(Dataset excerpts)
━━━━
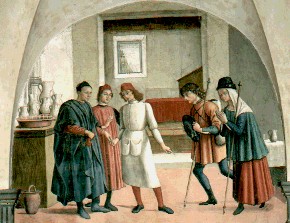 immagine tratta da "OPERE DI MISERICORDIA CORPORALE: ALLOGGIARE I PELLEGRINI": AFFRESCO DI DOMENICO GHIRLANDAIO (FIRENZE, S. MARTINO DEI BUONOMINI)
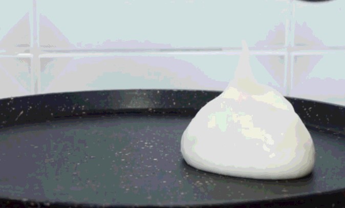 第五:搅拌成挂壁状,平底锅中浇灌油,浇灌一勺鸡蛋糕糊糊在平底锅中,小火煎炸
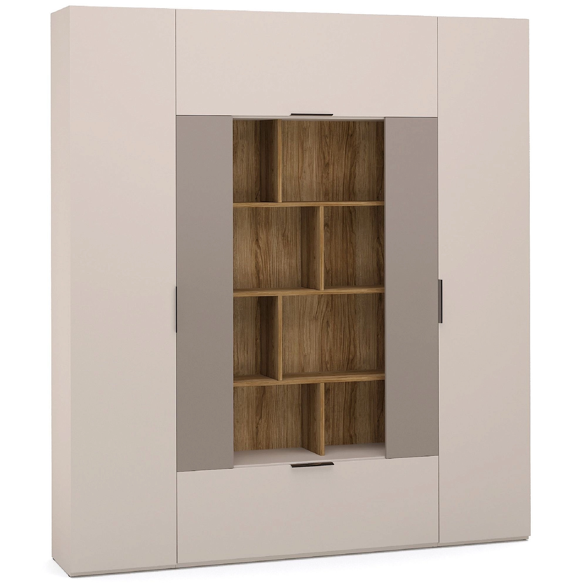 - секция с полками подходит для хранения книг, любимых и памятных вещей, различных редких сувениров и наград. Дополнительная подсветка секции придаст интерьеру особый шарм. Внутренний объем за откидной дверью разделен вертикальной перегородкой на два отделения – это поможет упорядочить размещение вещей. За фасадом ящик имеет также деление на две части для вашего удобства;
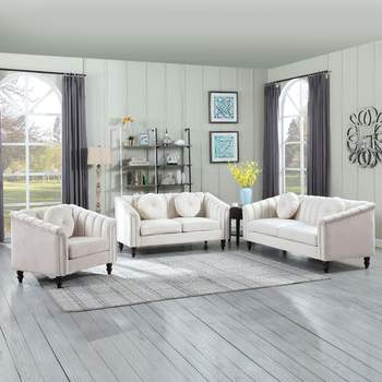 White Microfiber 3PCS Sectional Sofa Set with High Density Sponge and Double Spring System for Modern Living Room Luxury Comfort
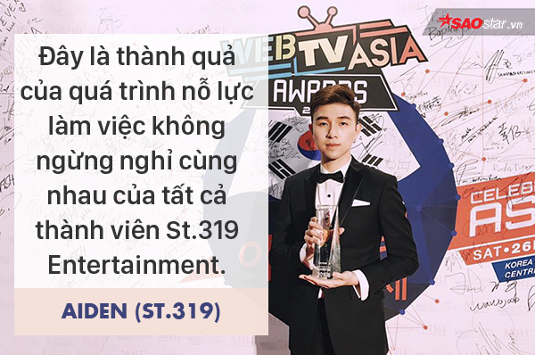 Giải thưởng này như một phần thưởng khích lệ ST.319 Entertainment nỗ lực hơn nữa trong hành trình chinh phục mục tiêu mà chúng tôi hướng đến - đó là làm ra những sản phẩm âm nhạc chất lượng phục vụ khán giả, và cùng các đồng nghiệp đưa ngành giải trí Việt Nam phát triển.” - Aiden chia sẻ cảm xúc.
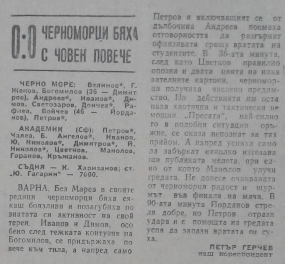«Черно море» Варна - «Академик» София - 0:0
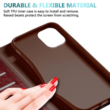 DESIGN: Ultratynt mobiltelefondeksel i bokstil med kortspor, stativfunksjon, integrert TPU silikondeksel og en magnetisk lukking uten plagsom klaff.
━━━━
◆ **WORK TO BE COMPLETED**
Every record, from top to bottom, gets written out exactly; no picture goes into the copy.

◆ **TASK SOLUTION**
 immagine tratta da "OPERE DI MISERICORDIA CORPORALE: ALLOGGIARE I PELLEGRINI": AFFRESCO DI DOMENICO GHIRLANDAIO (FIRENZE, S. MARTINO DEI BUONOMINI)
 第五:搅拌成挂壁状,平底锅中浇灌油,浇灌一勺鸡蛋糕糊糊在平底锅中,小火煎炸
 - секция с полками подходит для хранения книг, любимых и памятных вещей, различных редких сувениров и наград. Дополнительная подсветка секции придаст интерьеру особый шарм. Внутренний объем за откидной дверью разделен вертикальной перегородкой на два отделения – это поможет упорядочить размещение вещей. За фасадом ящик имеет также деление на две части для вашего удобства;
 White Microfiber 3PCS Sectional Sofa Set with High Density Sponge and Double Spring System for Modern Living Room Luxury Comfort
 Giải thưởng này như một phần thưởng khích lệ ST.319 Entertainment nỗ lực hơn nữa trong hành trình chinh phục mục tiêu mà chúng tôi hướng đến - đó là làm ra những sản phẩm âm nhạc chất lượng phục vụ khán giả, và cùng các đồng nghiệp đưa ngành giải trí Việt Nam phát triển.” - Aiden chia sẻ cảm xúc.
«Черно море» Варна - «Академик» София - 0:0
 DESIGN: Ultratynt mobiltelefondeksel i bokstil med kortspor, stativfunksjon, integrert TPU silikondeksel og en magnetisk lukking uten plagsom klaff.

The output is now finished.